Search code examples
apache-flinkflink-streamingflink-cepflink-table-api

Integration DataStreamAPI and TableAPI


In addition to this question I've create this example to integrate the DataStreamAPI and the TableAPI and this time I has no error, and I have two jobs instead of one, one is created for the DataStreamAPI which is running perfect, and the other job is created for the TableAPI which is running perfect too, but the only issue is that never receive any value from the DataStreamAPI, example:

        /*FILTERING NULL IDs*/
        final SingleOutputStreamOperator<Event> stream_filtered = eventsStream
                .filter(new NullidEventsFilterFunction())
                .uid("id_filter_operator")
                .name("Event Filter");

        final StreamTableEnvironment fsTableEnv = StreamTableEnvironment.create(TableEnvironmentConfiguration.getEnv(), fsSettings);
        SingleOutputStreamOperator<String> toTable = stream_filtered.map(x -> x.id).name("Map for table");
        Table source = fsTableEnv.fromDataStream(toTable);
        source.execute(); /*without this line the TableAPI job is not started, but nothing happens if is not there either*/
        DataStream<String> finalRes = fsTableEnv.toAppendStream(source, String.class);
        finalRes.map((MapFunction<String, String>) value -> value)
                .name("Mapping after table")
                .addSink(new SinkFunction<String>() {
            @Override
            public void invoke(String value) {
                LOG.info("Record from table: " + value);
            }
        }).name("Sink after map from table");
        
        /*STARTING TRANSFORMATIONS*/
        Init.init(stream_filtered);
        env.execute(job_name);

by doing that I can see this line in the logger:

INFO  org.apache.flink.runtime.executiongraph.ExecutionGraph        - Source: Custom Source -> Event Mapper -> Watermarks Added -> Event Filter -> Map for table -> SourceConversion(table=[Unregistered_DataStream_5], fields=[f0]) -> SinkConversionToRow -> Sink: Select table sink (1/1) (0d3cd78d35480c44f09603786bf775e7) switched from DEPLOYING to RUNNING.

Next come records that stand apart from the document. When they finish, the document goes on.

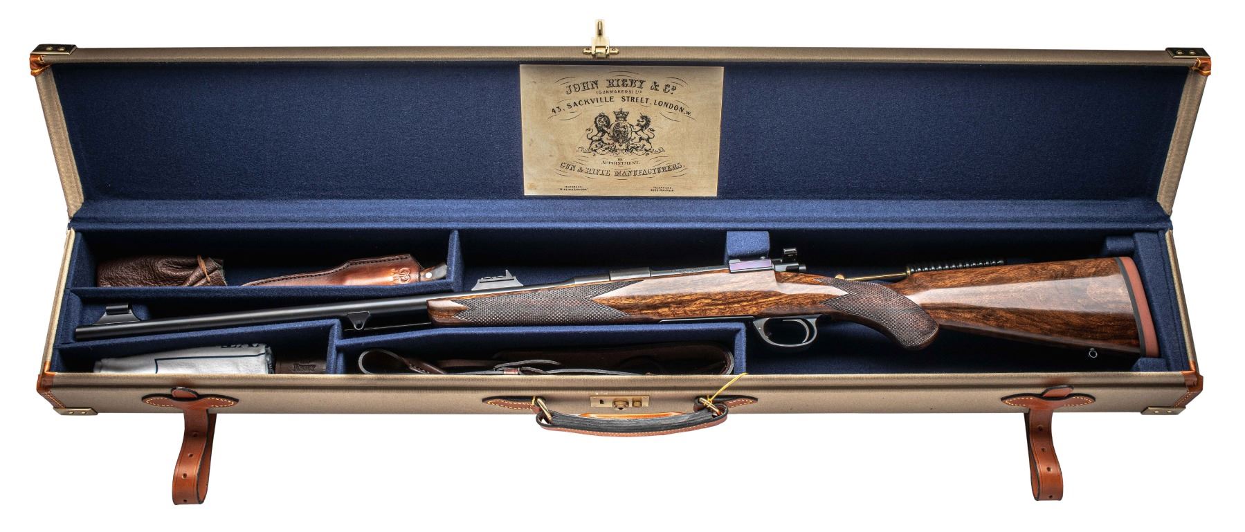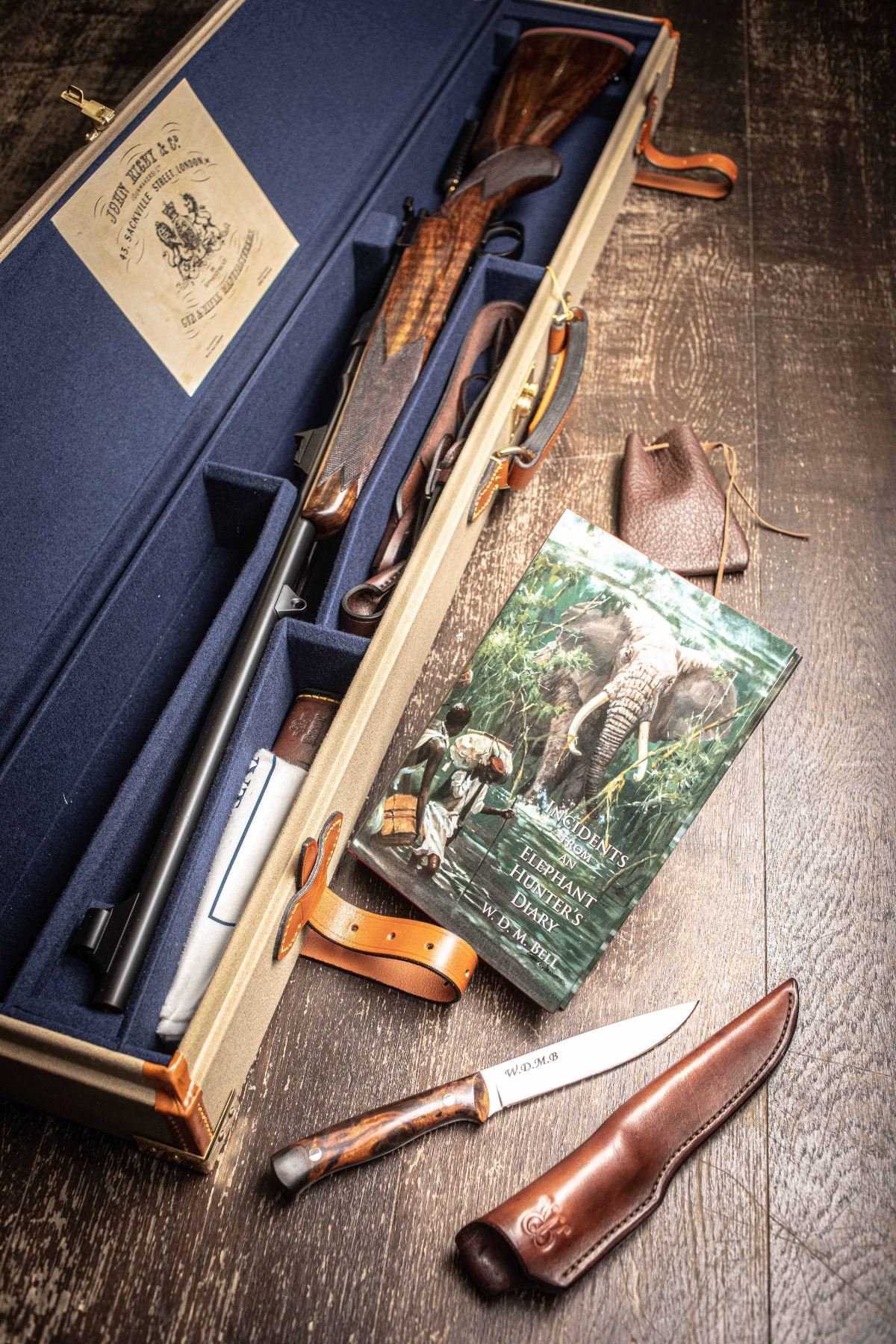 1) WDM BELL .275 RIGBY MAGAZINE RIFLE: Paying homage to iconic British adventurer 'Karamojo' Bell, John Rigby & Co. has donated a limited edition 'W.D.M. Bell' model of their Highland Stalker rifle. The iconic African big game hunter is celebrated worldwide as an advocate for accurate shot placement using smaller caliber rifles, namely with his Rigby Mauser 7x57 (.275 Rigby). Based on the original 1928 Rigby rifle design as taken from the historic ledgers at Rigby, on the magazine floor plate is the engraving of 'W.D.M.B', as per Bell's original rifle. Plus, the rifle has a Rigby spoon bolt handle and Mauser flag safety as ordered specifically to Bell's specifications. Similarly, the rifle features a Mauser 98 action, as well as an ivorine front fore sight and custom design rear half-moon sight, regulated at 100, 300 and 400 yards, as per the original rifle. Presented in a vintage style canvas case, the rifle comes with a limited-edition print of the Rigby ledger book where Bell's legendary original rifle is listed, a Rigby knife and a copy of new previously unpublished stories by Bell, 'Incidents from an Elephant Hunter's Diary', signed by all the Rigby gunmakers involved in production of this rifle.
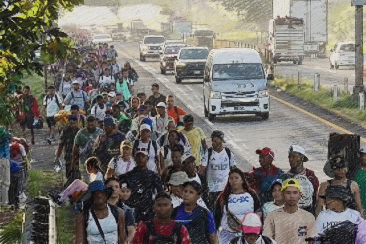 Durante la noche de este lunes, aproximadamente 1,500 personas iniciaron una travesía a pie bajo el nombre “Caravana Migrante David Dios Bendice”, partiendo desde Tapachula, Chiapas. Este grupo se moviliza debido a la saturación de los servicios de atención a refugiados en la entidad. De hecho, los manifestantes denuncian que la Comisión Mexicana de Ayuda a Refugiados recibió 142,145 solicitudes recientemente, pero entregó solo 5,191 tarjetas humanitarias.
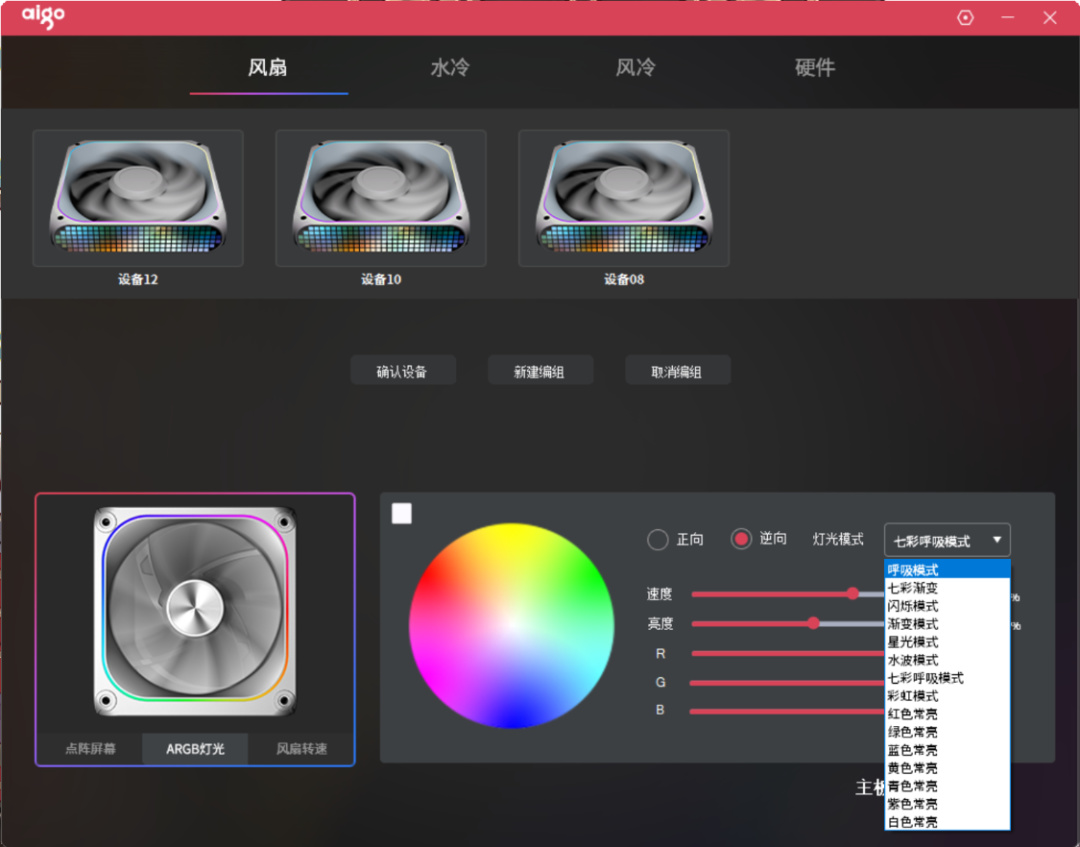 同时,在ARGB灯光界面中,还能调节风扇边框处的ARGB灯环灯效,自定义编辑ARGB灯效的方向与速度,也可以直接使用主板灯控软件进行一键控制。也可以在风扇转速页面中,调节风扇运行模式与转速曲线,也可以直接使用主板PWM一键管理。
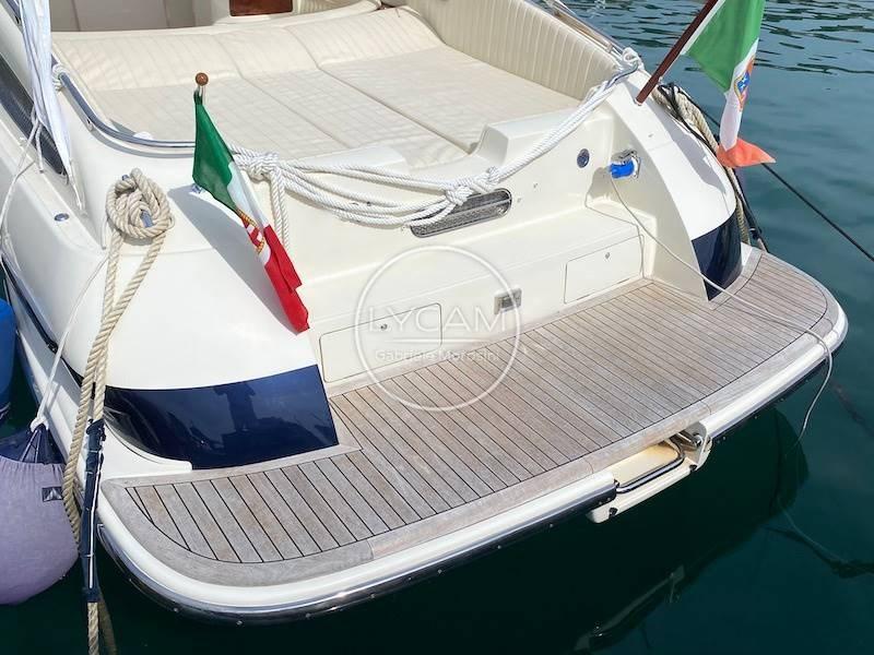 Luci di via; Luce di fonda; Luce pozzetto; Tromba; Flaps; Batterie; Parallelo batterie; Stacca batterie; Presa a terra 220V; Caricabatterie; Generatore mod. Mini 40 3.5 Kw; Parabordi; Pozzetto in teak; Mezzomarinaio; Asta bandiera in legno; Plancetta in teak; Doccetta pozzetto; Cappa copertura barca; Scaletta bagno; Aria condizionata; Capote cabriolet; Cuscinerie prendisole prodiero e poppiero; Verricello elettrico; Battagliola di prua; Ancora inox; Pompa sentina automatica; Tavolo pozzetto in teak.
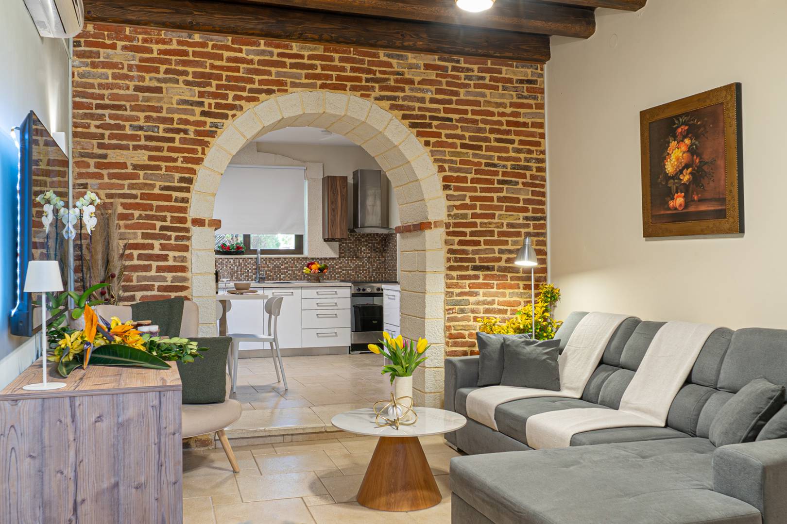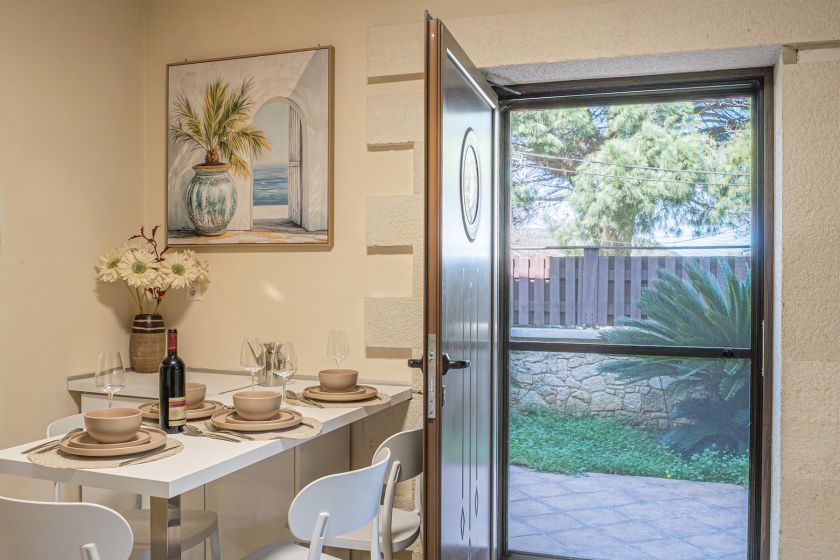 На первом этаже виллы расположена гостиная с уголком с диваном, креслом и спутниковым телевидением. Традиционная каменная арка соединяет гостиную с полностью оборудованной кухней. В числе удобств обеденный стол, электрическая кухня, большой холодильник, кофеварка, бойлер, микроволновая печь и посудомоечная машина.
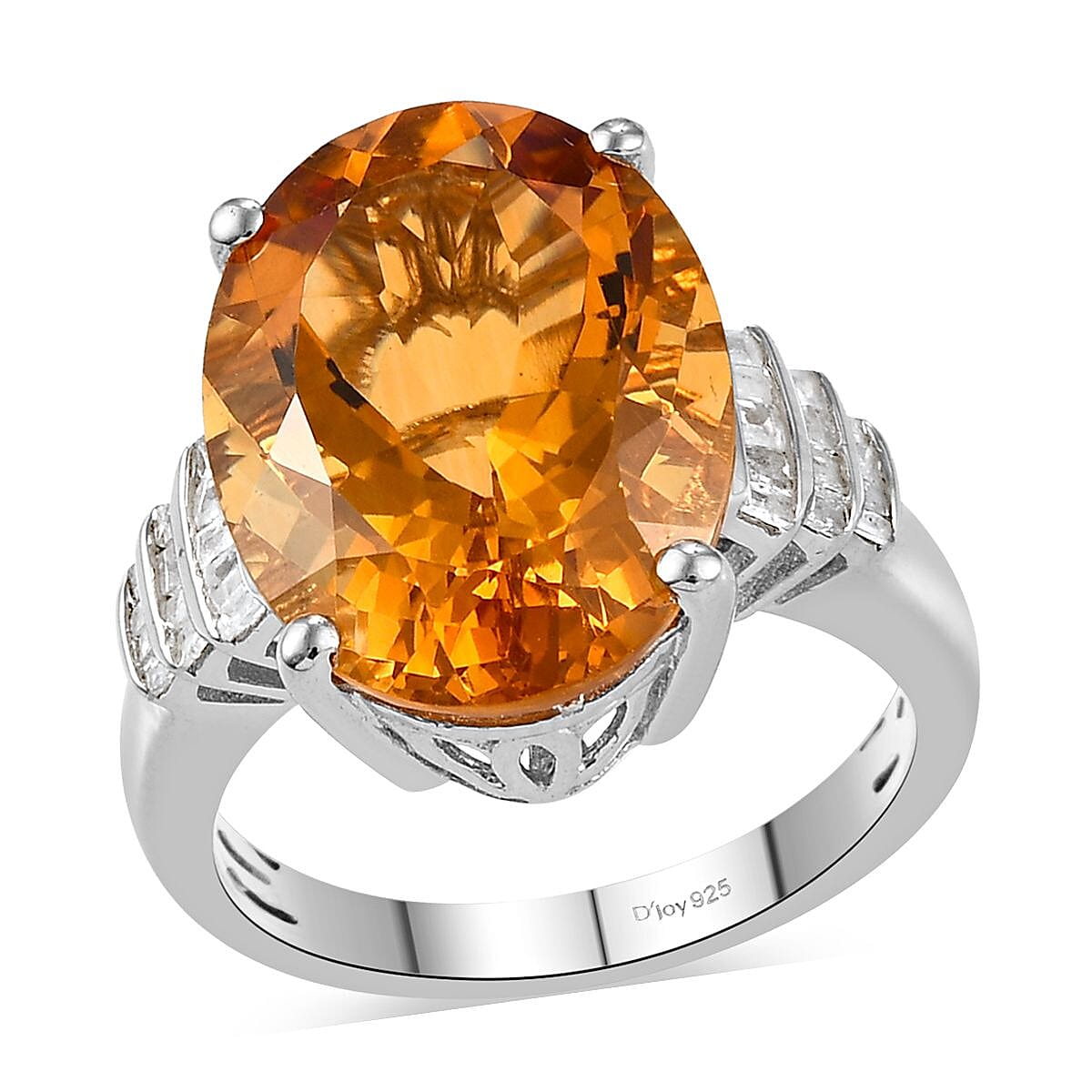 Serra Gaucha Citrine and Diamond Ring in Platinum Over Sterling Silver (Size 7.0) 8.75 ctw

but no record is received or sent out.

See the image for the DataStream job enter image description here

and see the image for the TableAPI job enter image description here

Any idea? Thanks in advance. Kind regards!


Solution

  • If you want to write one job that starts and ends with the DataStream API, and uses the Table API in the middle, then here's a simple example you can build upon.

    Note that the details involved have changed some from release to release, and this particular example works as written with Flink 1.11. FLIP-136: Improve interoperability between DataStream and Table API is being worked on to make this even easier.

    import org.apache.flink.api.java.tuple.Tuple2;
    import org.apache.flink.streaming.api.datastream.SingleOutputStreamOperator;
    import org.apache.flink.streaming.api.environment.StreamExecutionEnvironment;
    import org.apache.flink.table.api.Table;
    import org.apache.flink.table.api.bridge.java.StreamTableEnvironment;
    import org.apache.flink.types.Row;
    
    import static org.apache.flink.table.api.Expressions.$;
    
    public class BackAndForth {
    
        public static void main(String[] args) throws Exception {
    
            StreamExecutionEnvironment env = StreamExecutionEnvironment.getExecutionEnvironment();
            StreamTableEnvironment tableEnv = StreamTableEnvironment.create(env);
    
            SingleOutputStreamOperator<Tuple2<String, Long>> rawInput = env.fromElements(
                    new Tuple2<>("u2", 0L),
                    new Tuple2<>("u1", 5L),
                    new Tuple2<>("u2", 1L),
                    new Tuple2<>("u3", 1L),
                    new Tuple2<>("u1", 0L),
                    new Tuple2<>("u1", 3L),
                    new Tuple2<>("u2", 2L));
    
            Table events = tableEnv.fromDataStream(rawInput, $("userId"), $("value"));
    
            Table results = events
                    .select($("userId"), $("value"))
                    .where($("value").isGreater(0));
    
            tableEnv
                    .toAppendStream(results, Row.class)
                    .print();
    
            env.execute();
        }
    }
    

    You may be concerned that in the web UI it is showing "Records Sent: 0" and "Records Received: 0". This is very misleading. These Flink metrics only measure records and bytes flowing within Flink, and do not report any i/o with external systems. These metrics also do not report records and bytes flowing between operators that are chained together. Everything in those two jobs is chained, so records/bytes sent/received will always be zero in this case.